### Try it:
Take from the entries below the stretch from the line with "A gorgeous pink" through the line with "winter scene in", and return it exactly, leaving the pictures out.

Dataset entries

┌──

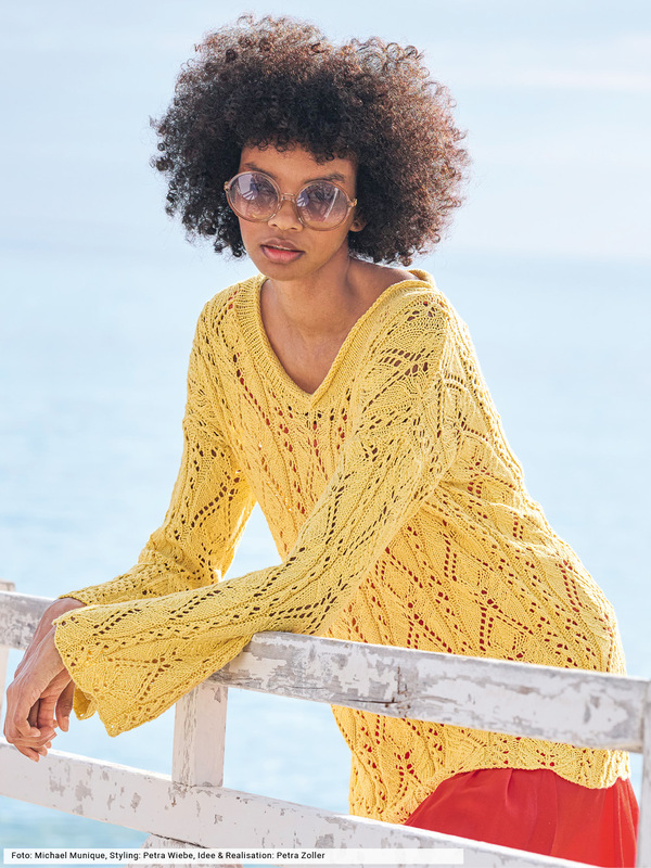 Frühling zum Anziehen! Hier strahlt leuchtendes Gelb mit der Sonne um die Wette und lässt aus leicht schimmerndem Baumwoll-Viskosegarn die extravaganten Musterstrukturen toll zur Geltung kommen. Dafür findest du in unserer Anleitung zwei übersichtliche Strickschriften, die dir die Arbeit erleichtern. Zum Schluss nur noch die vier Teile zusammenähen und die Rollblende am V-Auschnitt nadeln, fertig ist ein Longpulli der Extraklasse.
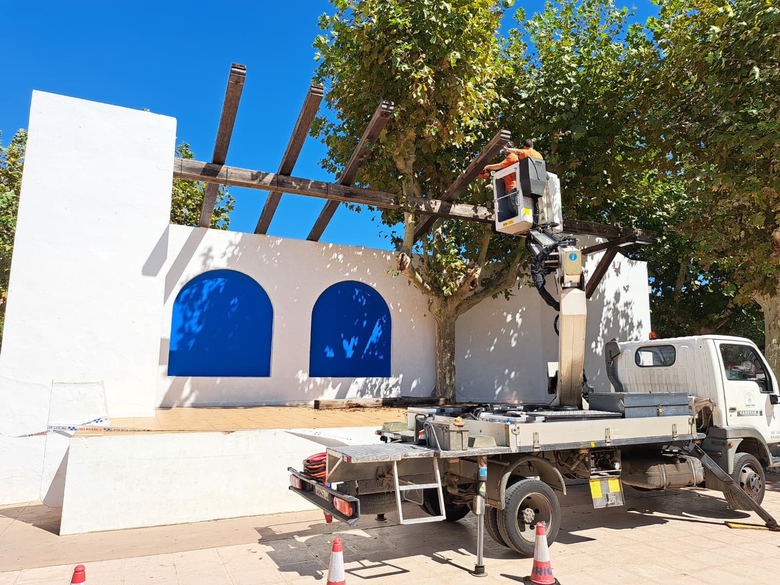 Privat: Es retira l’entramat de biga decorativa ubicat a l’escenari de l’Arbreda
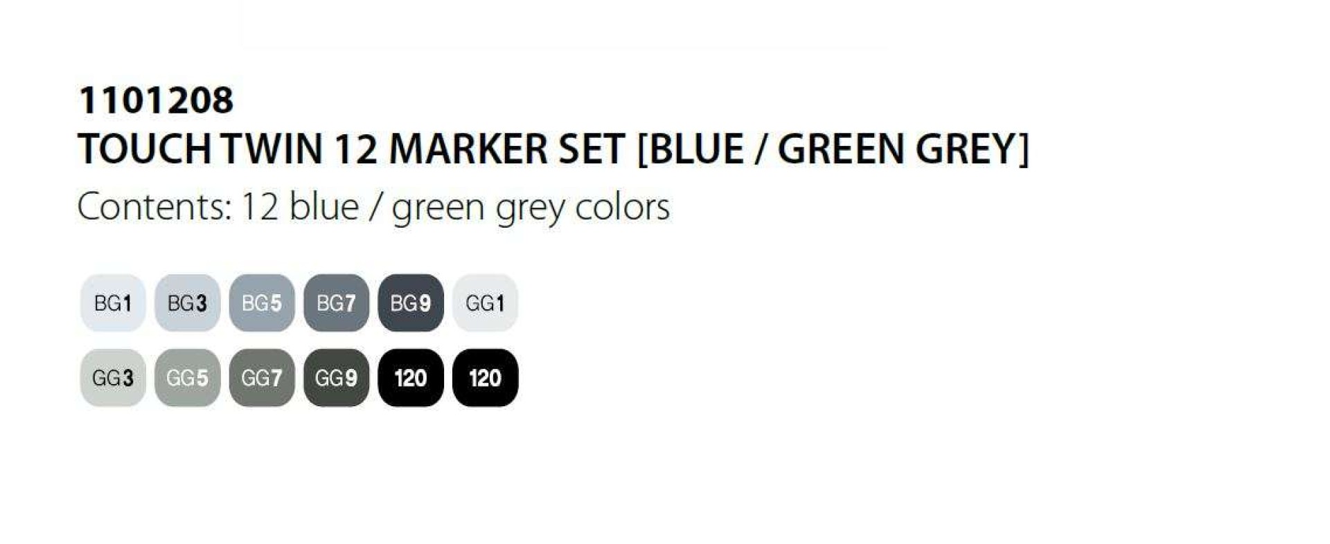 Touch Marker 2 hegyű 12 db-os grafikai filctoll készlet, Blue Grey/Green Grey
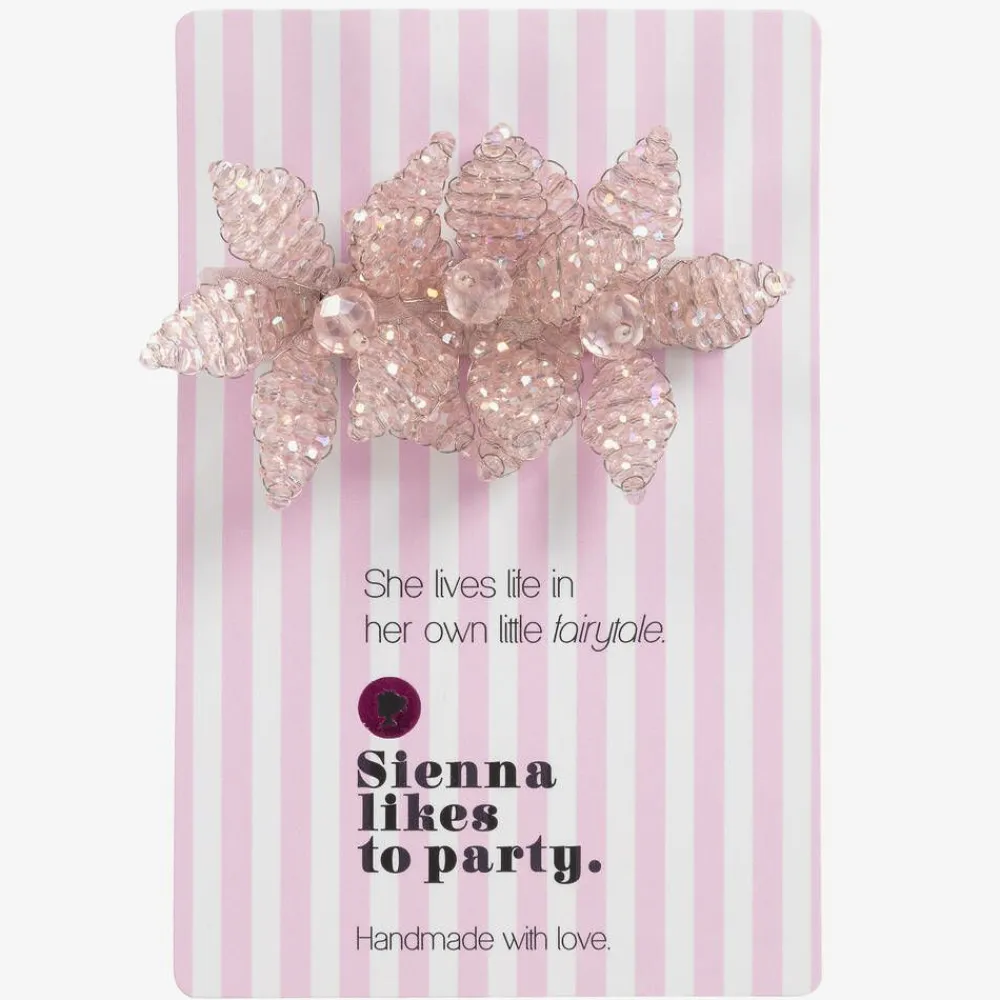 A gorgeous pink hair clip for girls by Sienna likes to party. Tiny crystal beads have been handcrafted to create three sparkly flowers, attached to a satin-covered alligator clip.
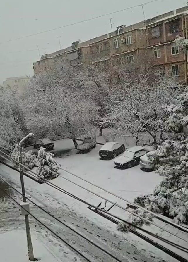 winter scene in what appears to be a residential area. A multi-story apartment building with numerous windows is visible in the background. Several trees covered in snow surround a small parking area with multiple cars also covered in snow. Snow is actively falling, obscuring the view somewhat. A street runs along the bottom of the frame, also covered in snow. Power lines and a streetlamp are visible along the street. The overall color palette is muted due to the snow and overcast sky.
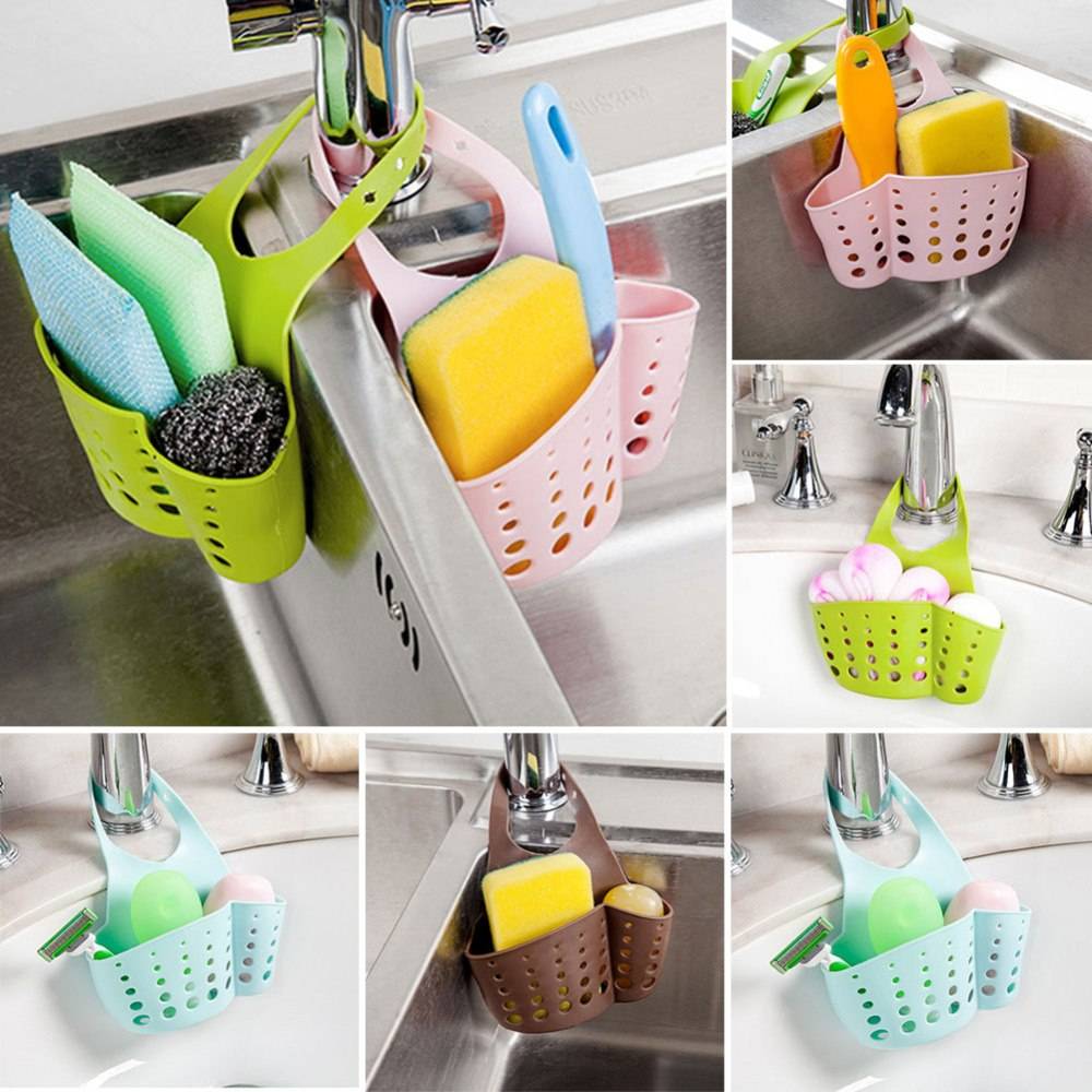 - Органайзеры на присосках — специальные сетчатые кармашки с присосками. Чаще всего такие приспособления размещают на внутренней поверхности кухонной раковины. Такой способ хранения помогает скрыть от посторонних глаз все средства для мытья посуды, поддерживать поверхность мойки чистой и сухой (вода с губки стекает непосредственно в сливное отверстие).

└──

### The completed task:
 A gorgeous pink hair clip for girls by Sienna likes to party. Tiny crystal beads have been handcrafted to create three sparkly flowers, attached to a satin-covered alligator clip.
 winter scene in what appears to be a residential area. A multi-story apartment building with numerous windows is visible in the background. Several trees covered in snow surround a small parking area with multiple cars also covered in snow. Snow is actively falling, obscuring the view somewhat. A street runs along the bottom of the frame, also covered in snow. Power lines and a streetlamp are visible along the street. The overall color palette is muted due to the snow and overcast sky.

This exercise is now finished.